Post-Quantum Cryptography in 2026: How NIST's ML-KEM and ML-DSA Standards and the "Harvest Now, Decrypt Later" Threat Are Forcing a Global Migration off RSA and ECC
- Internet Pros Team
- June 20, 2026
- Networking & Security
Almost every secure connection you make - the padlock in your browser, your VPN, your bank app, the signature that proves a software update is genuine - rests on two pieces of math: RSA and elliptic-curve cryptography. For half a century they have been effectively unbreakable, because no classical computer can factor enormous numbers or unwind elliptic curves in any reasonable amount of time. A large-scale quantum computer changes that overnight. In 2026, post-quantum cryptography (PQC) - encryption designed to survive a quantum attacker - has stopped being a research curiosity and become an active, standards-backed migration that touches nearly every connected system on Earth.
Why Quantum Computers Break Today's Encryption
Public-key cryptography works because some math is easy one way and brutally hard to reverse. Multiplying two huge primes is trivial; factoring the result back into those primes would take a classical supercomputer longer than the age of the universe. That asymmetry is the entire foundation of RSA and ECC. In 1994 the mathematician Peter Shor showed that a sufficiently powerful quantum computer running Shor's algorithm could solve exactly these problems - factoring and discrete logarithms - efficiently, collapsing centuries of work into hours.
No such machine exists today. But the trajectory of quantum hardware is steep enough that security agencies no longer treat a cryptographically relevant quantum computer as science fiction - they treat it as a deadline. The industry even has a nickname for the day it arrives: Q-Day. Symmetric encryption like AES survives largely intact (a quantum attack only weakens it modestly), but the public-key layer that negotiates keys and verifies identity must be rebuilt.
"The mistake is thinking we have until Q-Day to act. Encrypted data being copied today can be unlocked the moment the machine arrives. For anything that must stay secret for a decade, the quantum threat is not in the future - it is already here."

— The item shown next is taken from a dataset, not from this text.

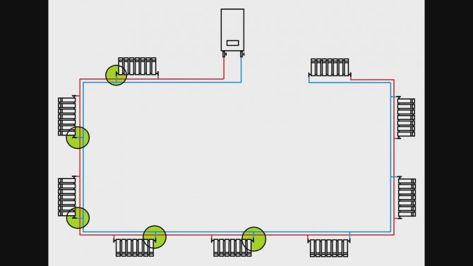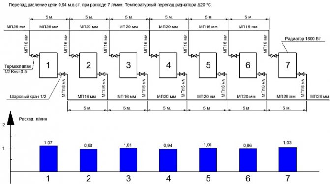 Bien sûr, il y a différentes maisons, la longueur des tuyaux et le nombre de sections. Par conséquent, le système peut fonctionner mieux ou moins bien, mais dans tous les cas, pour faire fonctionner tous les radiateurs, il est nécessaire de créer artificiellement une résistance pour le liquide de refroidissement dans les premiers radiateurs à l'aide de vannes d'équilibrage.
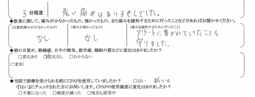 (痛みの程度について) 強い痛みはありませんでした。

Harvest Now, Decrypt Later
The most important idea in this whole subject is also the most unsettling. An adversary does not need a quantum computer today to benefit from one tomorrow. They can simply record encrypted traffic now and store it - intercepted VPN sessions, exfiltrated databases, captured government cables - and wait. When a capable quantum computer exists, they decrypt the entire archive at once. This is called Harvest Now, Decrypt Later (or Store Now, Decrypt Later), and it means the clock is already running for any information with a long shelf life: health records, state secrets, intellectual property, financial data, and the master keys that protect all of it.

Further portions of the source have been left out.